Usually in UNIX it's enough to just define a function, for example
```C
void free(void *ptr) { ... }
```
in the main binary and all modules will use this `free` function instead of the real one from the `libc`. For Linux, this is exactly what we're doing, the `bootstrap` binary defines such a `free` function in its `main.c`. On Darwin (macOS/iOS/...) however that is not the case and you need to use [dyld's interpose feature](https://books.google.co.uk/books?id=K8vUkpOXhN4C&lpg=PA73&ots=OMjhRWWwUu&dq=dyld%20interpose&pg=PA73#v=onepage&q=dyld%20interpose&f=false). The odd thing is that dyld's interposing _only_ works if it's in a `.dylib` and not from a binary's main executable. Therefore we need to build a slightly strange SwiftPM package:
- `bootstrap`: The main executable's main module (written in C) so we can hook the `free` function on Linux.
- `BootstrapSwift`: A SwiftPM module (written in Swift) called in from `bootstrap` which implements the actual SwiftNIO benchmark (and therefore depends on the `NIO` module).
- `HookedFunctions`: A separate SwiftPM package that builds a shared library (`.so` on Linux, `.dylib` on Darwin) which contains the `replacement_malloc`, `replacement_free`, etc functions which just increment an atomic integers representing the number of operations. On Darwin, we use `DYLD_INTERPOSE` in this module, interposing libc functions with our `replacement_` functions. This needs to be a separate SwiftPM package as otherwise its code would just live inside of the `bootstrap` executable and the dyld interposing feature wouldn't work.
- `AtomicCounter`: SwiftPM package (written in C) that implements the atomic counters. It needs to be a separate package as both `BoostrapSwift` (to read the allocation counter) as well as `HookedFree` (to increment the allocation counter) depend on it.
## What benchmark is run?
We run a single TCP connection over which 1000 HTTP requests are made by a client written in NIO, responded to by a server also written in NIO. We re-run the benchmark 10 times and return the lowest number of allocations that has been made.
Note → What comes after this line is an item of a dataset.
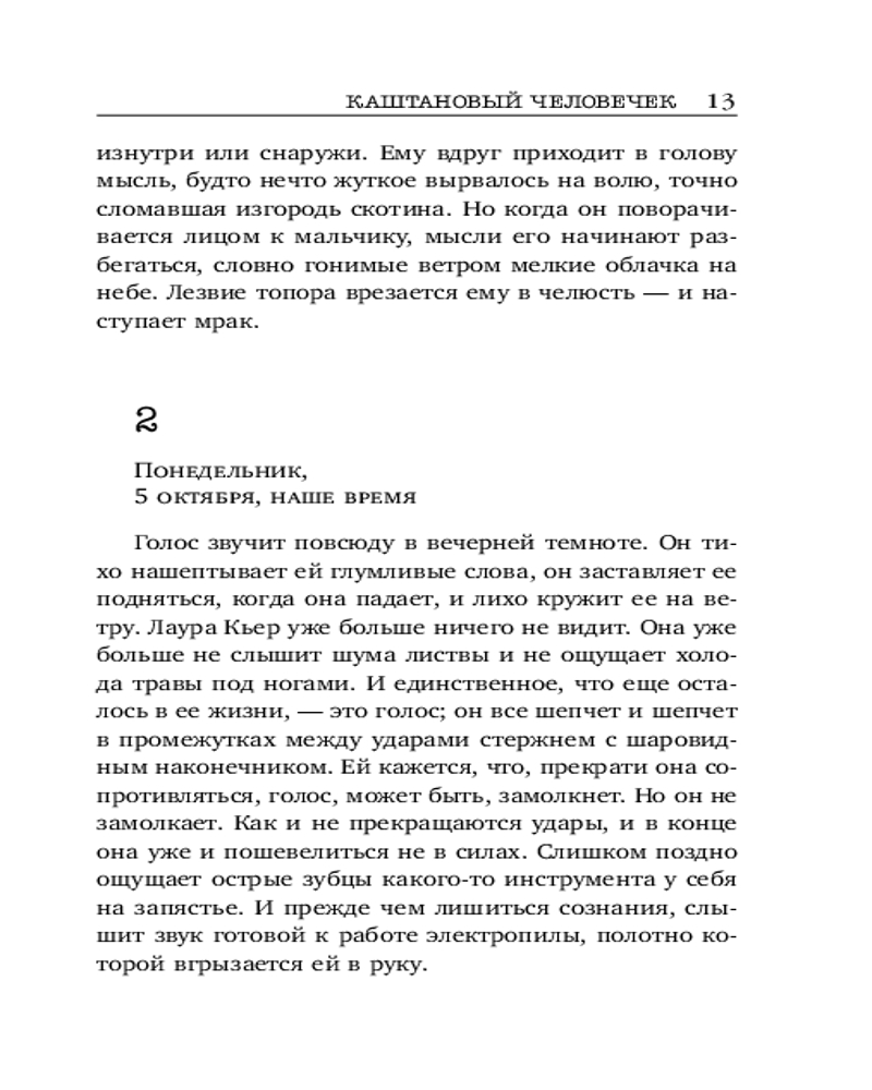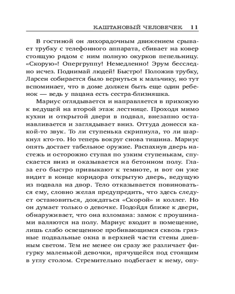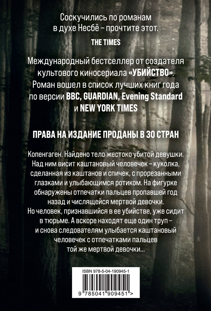 💳 Оплатить за товар можно при получении 🇰🇿 Есть бесплатная доставка по Казахстану от 1 дня 🎁 Копите бонусы с каждой покупки Серия: Кинопремьера мирового масштаба (обложка) Копенгаген. Найдено тело жестоко убитой девушки. Над ним висит каштановый человечек — куколка, сделанная из каштанов и спичек, с прорезанными глазками и улыбающимся ротиком. На фигурке обнаружены отпечатки пальцев пропавшей год назад и числящейся мертвой девочки. Но человек, признавшийся в ее убийстве, уже сидит в тюрьме. А вскоре находят еще один труп — и снова следователям улыбается каштановый человечек с отпечатками пальцев той же мертвой девочки... |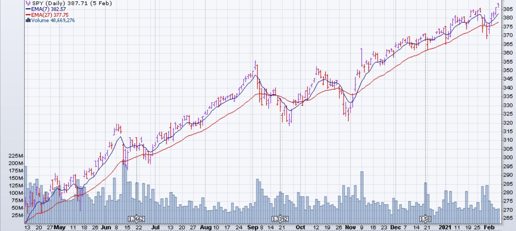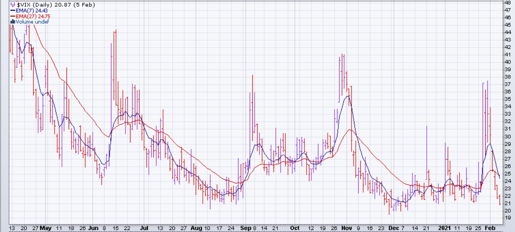 Le SPY continue sa tendance haussière après avoir subi une contre-vague du 26 janvier au 5 février et a atteint un nouveau haut historique. Les EMA sont toujours croisées à la hausse et la distance entre la EMA(7) et la EMA(27) augmente: un signe positif pour le marché. Les indicateurs techniques du SPY sont plutôt neutres et montrent une certaine fatigue à la hausse sans donner un signal de vente. Les EMA du VIX se sont croisés à la baisse à la fermeture de vendredi le 5 février: signe positif pour le marché. Cependant, le VIX est toujours incapable de baisser plus bas que 20 points: un support depuis le mois d'août 2020.

## Why do I have to set a baseline?
By default this test should always succeed as it doesn't actually compare the number of allocations to a certain number. The reason is that this number varies ever so slightly between operating systems and Swift versions. At the time of writing on macOS we got roughly 326k allocations and on Linux 322k allocations for 1000 HTTP requests & responses. To set a baseline simply run
```bash
export MAX_ALLOCS_ALLOWED_1000_reqs_1_conn=327000
```
or similar to set the maximum number of allocations allowed. If the benchmark exceeds these allocations the test will fail.